She is a plaintiff in the lawsuit challenging the Obama administration's restrictions about who can purchase the emergency contraceptives.

Both sides were back in federal court Tuesday. The government is trying to prevent a judge's ruling in the case from taking effect.

Judge Edward Korman decided last month that any woman or girl should be able to purchase Plan B over-the-counter.

There has been debate about whether girls should be allowed to purchase emergency contraceptives at all without a prescription.

The administration recently decided to allow girls as young as 15 to buy the pill, but lowering the age limit is doing little to appease the judge, who noted repeatedly that women and girls will have to show ID to make the purchase.

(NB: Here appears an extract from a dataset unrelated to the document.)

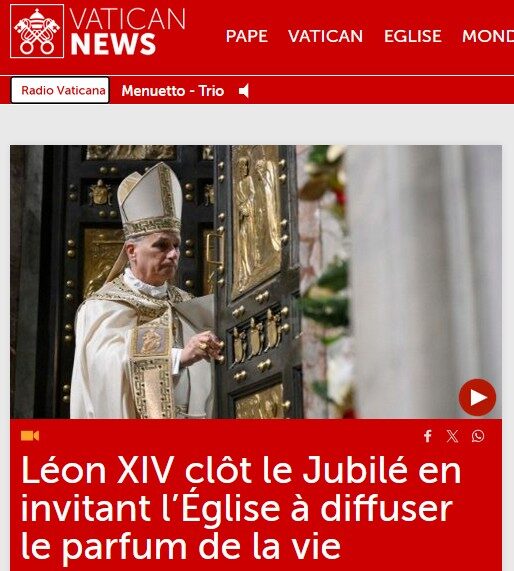 Le Pape Léon XIV a clôturé la Porte Sainte de la Basilique Saint Pierre de Rome lors de la célébration de la messe de la fête de l’Épiphanie. Il clôture ainsi le Jubilé de l’Espérance (24 décembre 2024 – 6 janvier 2026) ouvert par son prédécesseur.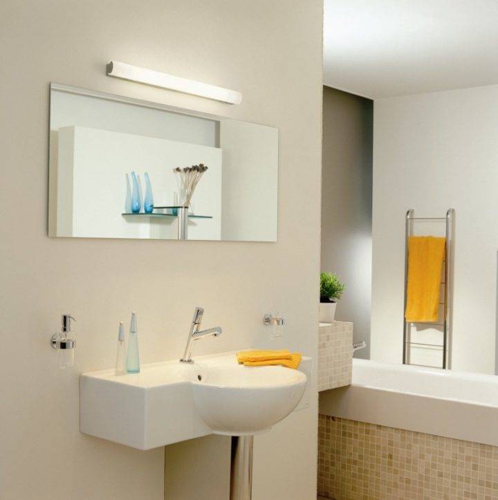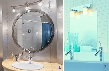 La lampe miroir dans la salle de bain peut être une lampe halogène spectaculaire ou décorée d'une belle bande LED. Il est pratique de choisir une superposition sur le mur avec un virage pour diriger le faisceau de lumière dans la bonne direction.

Inside the courtroom, the judge aggressively questioned the government's lawyer, and he seemed frustrated by the responses he was getting. At various points, he pounded on the table and shook his finger at the attorney.

The judge said the government's restrictions will harm certain groups of people who may not possess an ID.

He said: "You are basically disadvantaging poor people, young people and African-Americans...That is the policy of the Obama administration?"

"I think the judge's language reflects his frustration and, frankly, his disbelief at what he sees as the ongoing bad-faith conduct by the government and ongoing political maneuvering to deny women access to this product," said Janet Crepps of the Center for Reproductive Rights.

The judge is expected to issue a ruling by the end of the week.